Work is underway at NEW Cooperative’s existing agronomy hub southwest of Cooper to construct a new grain elevator and feed mill. NEW anticipates being able to accept corn at the new elevator beginning next fall.The new feed mill near Cooper will use 8.5 million bushels of corn annually in order to manufacture 400,000 tons of feed for hogs in a 45-mile area.When finished, Cooper will be the site of NEW Cooperative’s seventh feed mill.Since establishing a presence along Highway 4 near Cooper in 2014, NEW Cooperative has seen that location come to dominate sales statewide in anhydrous ammonia.
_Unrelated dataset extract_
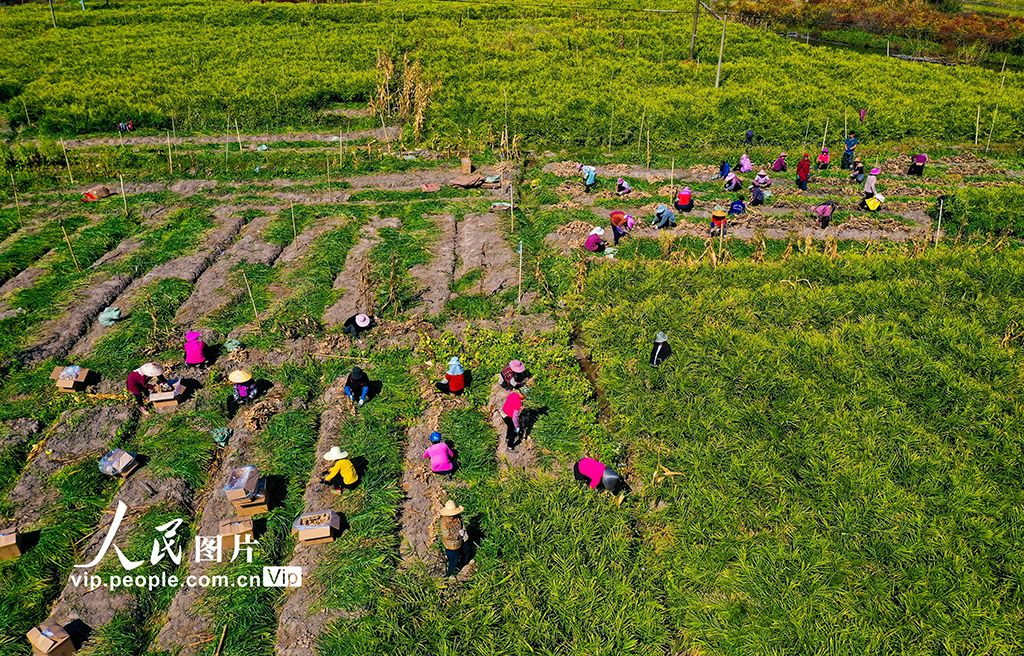 In Datang village, Xihe township, Mengshan county, south China's Guangxi Zhuang Autonomous Region, ginger farmers were busy harvesting ginger, trimming leaves, and packing them into boxes, with fields bustling with activity on Dec. 2, 2024.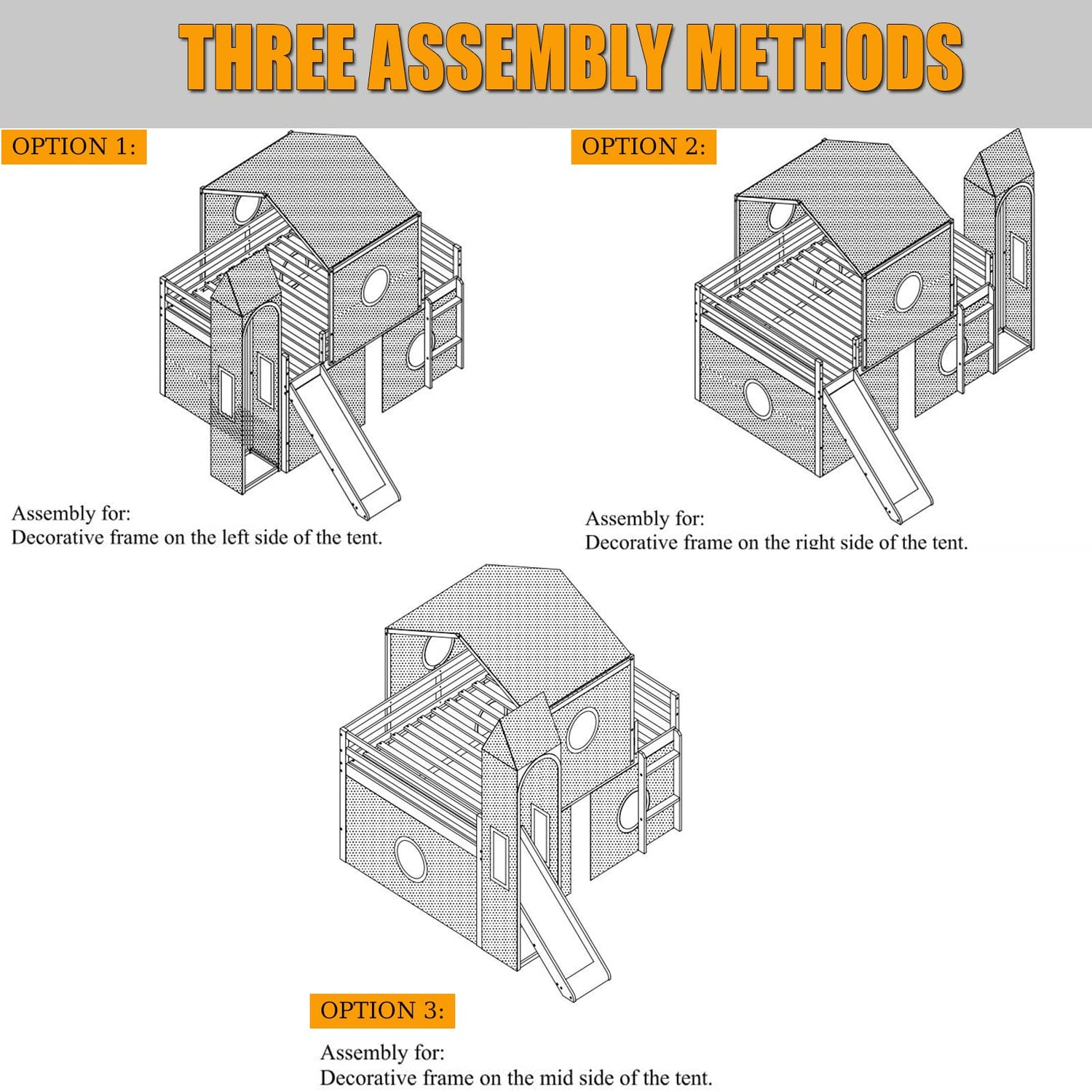 • 【Convertible Ladder and Slide】This twin loft bed with built-in ladder, easy to climb up and down from the upper bed. Featuring a smooth slide for your kids to play, add fun and develop sense of balance and coordination. and We provide 3 installation methods, the tower can be placed on the left side or the right side, or placed on the slide. Which you can chose most suitable way to matching your bedroom design.

The Fort Dodge-based co-op enjoyed $1.1 billion in total sales across all departments in fiscal-year 2020. In addition to the feed mill and grain elevator now under construction at the Cooper site, NEW is also building a new port on the Missouri River for direct access to export markets.

COOPER’S BIG BREAK

Skyline near Cooper to change with new grain elevator, feed mill

By ANDREW MCGINN

a.mcginn@beeherald.com

Dan Dix, general manager of NEW Cooperative, admittedly wasn’t sure what the name of the little town off in the distance was when he eyed an existing Morton shed along Highway 4 as the place from which to stake a claim on the local anhydrous ammonia market.

The town was Cooper (pop. miniscule).

So in 2014, NEW branded its newest agronomy division outpost as Cooper — even though, technically, 2272 Neola Ave. is a Jefferson address.

But what’s in a name? Cooper quickly became NEW’s leading market for anhydrous.

“We’ve built it, and they’ve come,” Dix explained recently.

The Fort Dodge-based co-op is now banking on Cooper to do it again, this time for its feed manufacturing division.

What began with a single existing Morton shed will soon be the site of a feed mill and grain elevator — the equivalent in rural Iowa of a new skyscraper.

When it begins producing livestock feed in January of 2022, the Cooper mill will grind 200,000 bushels of corn a week for hogs in the surrounding area. In all, the mill is expected to consume about 8.5 million bushels of corn annually from farmers in the vicinity.

NEW’s management team recently held informational meetings for local farmers about the project — which seemingly has jumped from concept to reality in a matter of months. Cement work at the site is set to begin Monday, NEW  grain manager Mark Walter said.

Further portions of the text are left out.